Banking Committee Chairman Sherrod Brown, an Ohio Democrat, said that the frenzied rise in the price of GameStop Inc. GME, +18.97% shares in January, and their continued volatility since that time, illustrates that “the stock market is detached from the economy and the reality of most Americans’ lives.”
He took aim at Robinhood’s business model in particular, alleging that “firms like Robinhood were founded on a model that exploits small investors by encouraging fast and loose trading, and then sells their trades to big market players.”
Read more: The SEC could cripple Robinhood’s business model by enforcing existing rules, experts say
Zero-commission online broker Robinhood has remained at the center of the discussion over the state of retail investing since it became one of the favorite brokers used by a group of social media users who promoted GameStop shares, with many seeing outsized gains on risky options bets that paid off when other investors, who were betting against the company, were forced to close out their short positions.

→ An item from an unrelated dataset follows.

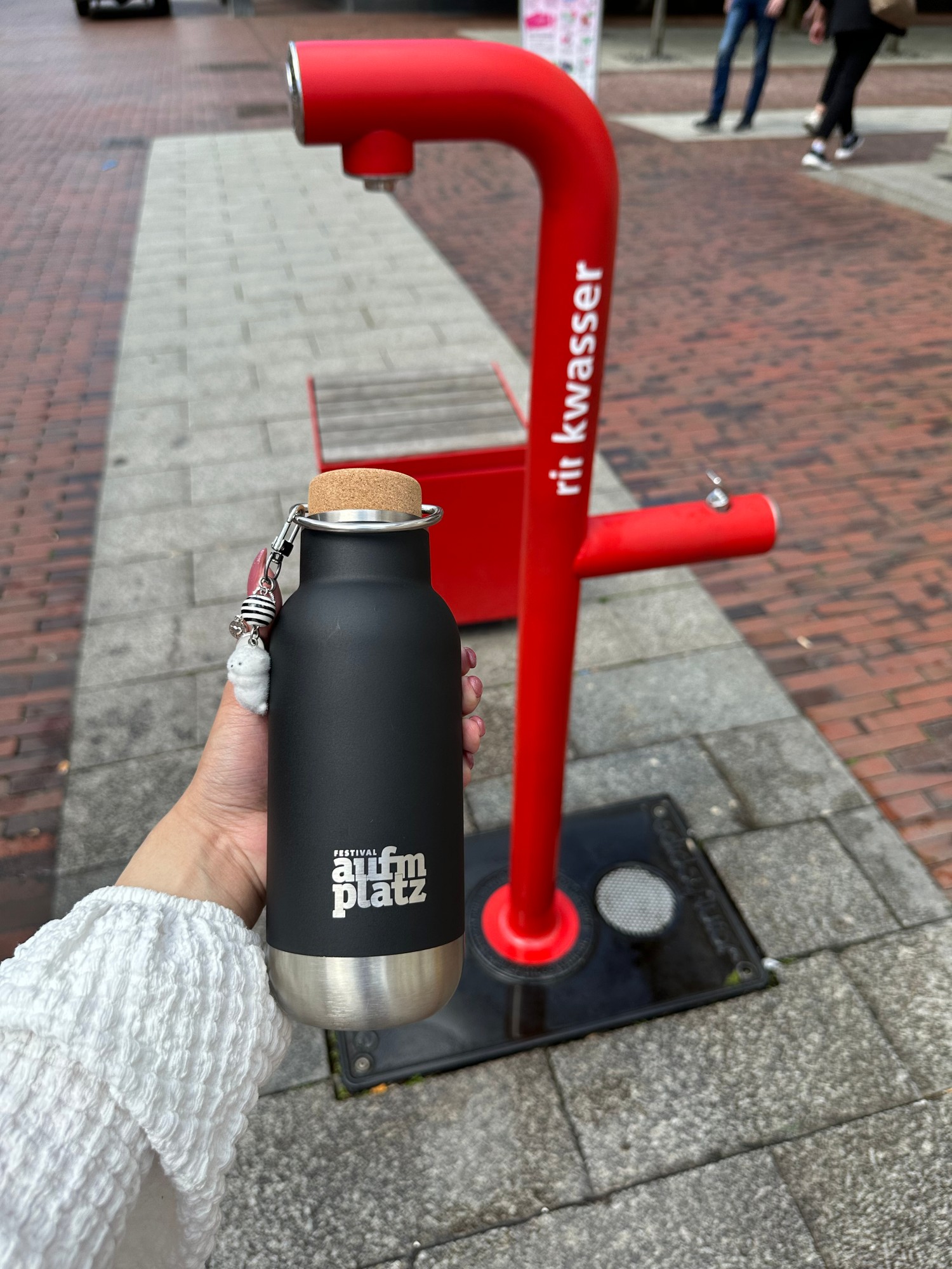Wenn die Sommersonne auf den Asphalt knallt und die Temperaturen steigen, wird ein Festival schnell zur Hitzebelastung – für das Publikum, die Künstler*innen und unser Team. Umso wichtiger ist es, für ausreichend Trinkwasser zu sorgen. In unseren Instagram-Stories machen wir deshalb regelmäßig auf öffentliche Trinkwasserspender in der Nähe der Veranstaltungsorte aufmerksam, falls sie verfügbar sind. Außerdem verzichten wir konsequent auf Einwegflaschen und setzen auf unsere „Festival aufm Platz“-Mehrwegflaschen für Künstler*innen und Team, die immer wieder aufgefüllt werden können.

GameStop shares have whipsawed from roughly $17 per share to start the year to an intraday high of $483 in late January, to below $40 just a few weeks later. They are up roughly 124% in March at more than $240, according to FactSet.
Robinhood and other zero-commission brokers earn a large share of their revenues from payment for order flow, a practice whereby whereby market makers pay brokers for the privilege of executing investor trades. Critics say this creates a conflict of interest between brokers and market makers, while proponents of the practice say it has lowered costs for retail traders and that current securities regulations already prevent the arrangement from being abused.
Robinhood says that it has “democratized finance” by enabling anyone with a smartphone and a few extra dollars to begin building wealth in the stock market.
Republicans on the committee were eager to defend Robinhood and innovations in financial technology that have led to free trading stock trades being the industry standard.
“New developments have made it a great time to be a retail investor,’ said Sen. Pat Toomey of Pennsylvania, the ranking Republican on the committee. “Today, a person of modest means can invest in the stock market at zero or minimal cost.”